Information provided:
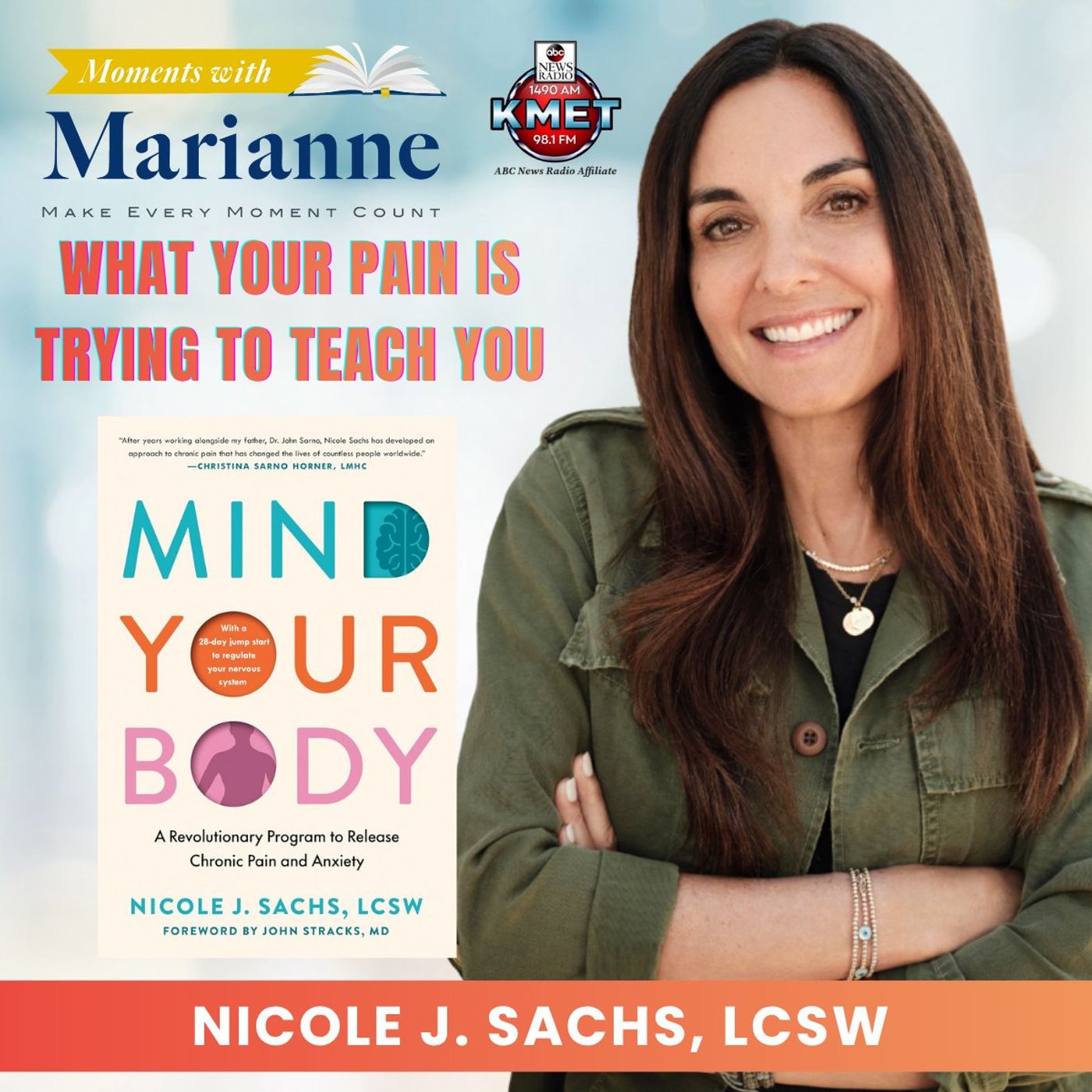What if your body isn’t broken, but trying to tell you something? Tune in for an inspiring discussion Nicole J. Sachs, LCSW, on her new book Mind Your Body: A Revolutionary Program to Release Chronic Pain and Anxiety.
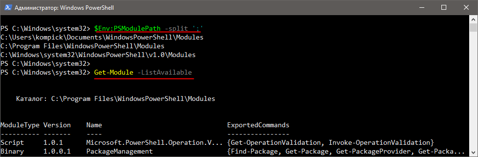 - $Env:PSModulePath -split ';' — выводит список каталогов, из которых загружаются модули.
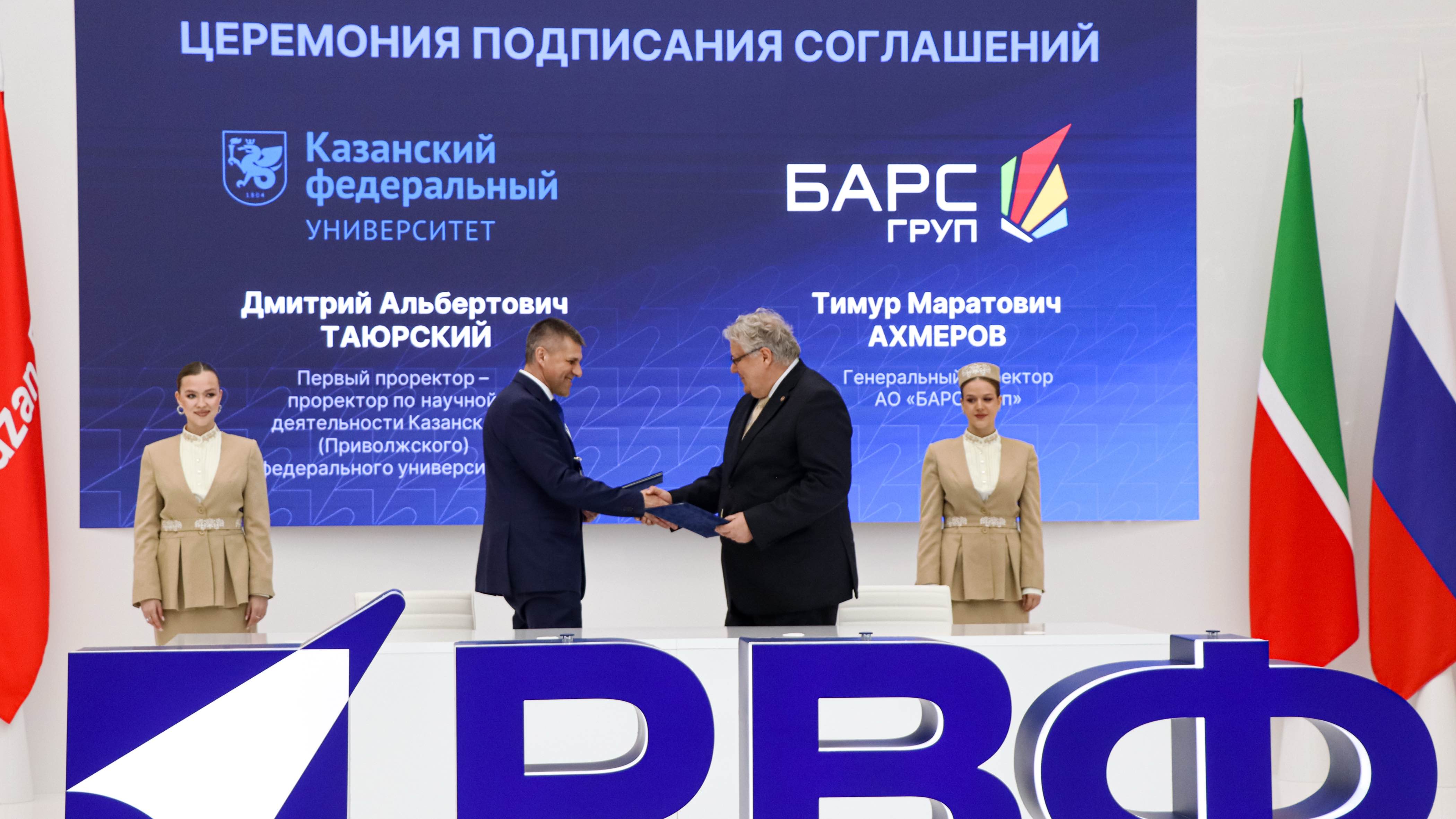 От лица Казанского федерального документ подписал первый проректор – проректор по научной деятельности КФУ Дмитрий Таюрский. Со стороны акционерного общества подпись поставил генеральный директор АО «БАРС Груп» Тимур Ахмеров.
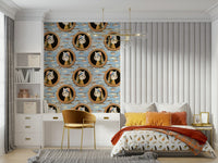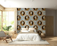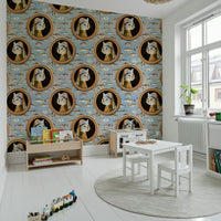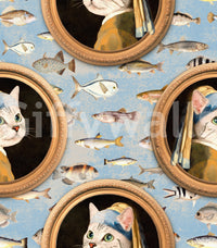 Introduce a hint of quirkiness with this artistic wallpaper by Uta Naumann. Golden-framed cat portraits inspired by the famous Vermeer painting contrast with a bright blue ocean-inspired background. Many different types of fish float about the cat's heads, filling in all of the background. This unique wallpaper for walls is perfect for those who want to add an element of wit to your interiors. Its unique design serves as an excellent conversation starter, bringing sophistication to hallways, bedrooms, or even an office. The blend of the classic and the quirky guarantees an unforgettable interior design.

What the exercise asks:
Only an exact copy of the lines from the one with "- $Env:PSModulePath -split" through the last line of the data above is wanted, and no pictures.

Answer section:
 - $Env:PSModulePath -split ';' — выводит список каталогов, из которых загружаются модули.
 От лица Казанского федерального документ подписал первый проректор – проректор по научной деятельности КФУ Дмитрий Таюрский. Со стороны акционерного общества подпись поставил генеральный директор АО «БАРС Груп» Тимур Ахмеров.
 Introduce a hint of quirkiness with this artistic wallpaper by Uta Naumann. Golden-framed cat portraits inspired by the famous Vermeer painting contrast with a bright blue ocean-inspired background. Many different types of fish float about the cat's heads, filling in all of the background. This unique wallpaper for walls is perfect for those who want to add an element of wit to your interiors. Its unique design serves as an excellent conversation starter, bringing sophistication to hallways, bedrooms, or even an office. The blend of the classic and the quirky guarantees an unforgettable interior design.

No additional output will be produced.